Acceleration of 2.0kg Block: Solve Forces/Tension Problem

[Dormin]

Homework Statement

The 1.0 kg block in the figure is tied to the wall with a rope. It sits on top of the 2.0 kg block. The lower block is pulled to the right with a tension force of 20 N. The coefficient of kinetic friction at both the lower and upper surfaces of the 2.0 kg block is mu_k = 0.380.

What is the acceleration of the 2.0 kg block?

Homework Equations

a = F/m
F_friction = mg * mu_k

The Attempt at a Solution

I found in a previous question that the tension of the rope holding the 1kg block, and thus the force of friction on the top of the 2kg block, was 3.72N (mg * mu_k = 9.8 * .38 = 3.72).
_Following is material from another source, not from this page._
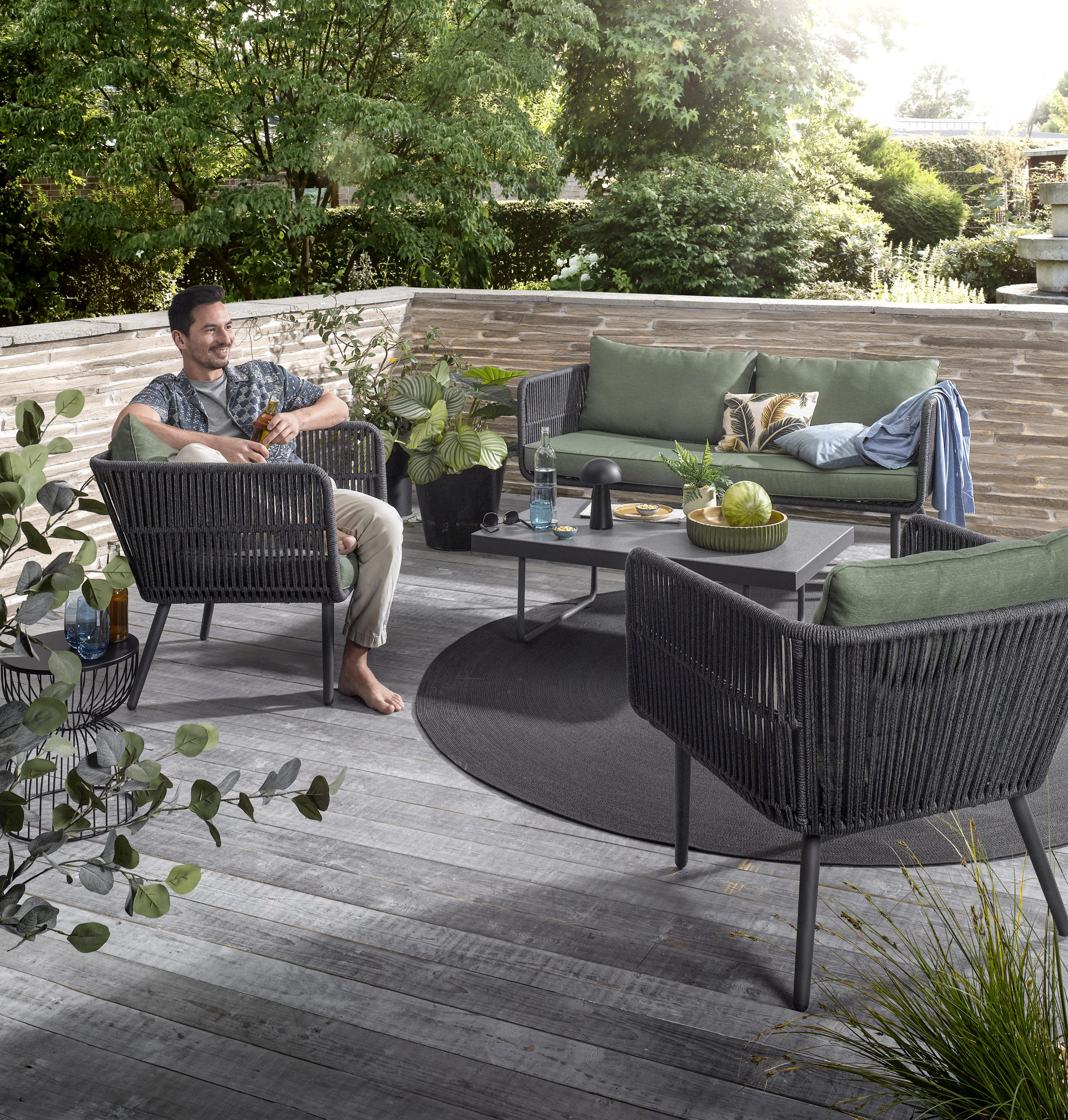 Das Loungeset Saigon 249715 der Firma Wholesaler besteht 2 Sesseln, einem Sofa, sowie einem Couchtisch. Ein Highlight ist das Rope-Geflecht mit den Auflagen in hellgrau.

So the frictional force on the bottom of the 2kg block:

mg * mu_k = 2 * 9.8 * .38 = 7.448

Those two forces hold back the 20N force pulling to the right, so the total force acting on it to the right is:

20 - 3.72 - 7.448 = 8.832

So using a = F/m:

a = 8.832 / 2 = 4.416 m/s^2

However, 4.416 is incorrect. Any help you could give would be appreciated. Thanks!

 

[Redsummers]

The upper friction done by the 1-kg block is okay (3.72N), but I see a problem in the friction on the bottom, you should check what's the real mass affecting to that second friction.

 

[rl.bhat]

Hi Dormin, welcome to PF.
Net friction force on the lower surface is due to the normal reaction of 3 kg mass. It is in the opposite direction of 20 N. Frictional force on the upper surface of 2 kg block is due to 1 kg mass. It is also in the opposite direction of applied force.
Now find the net friction force on the lower block which opposes the applied force.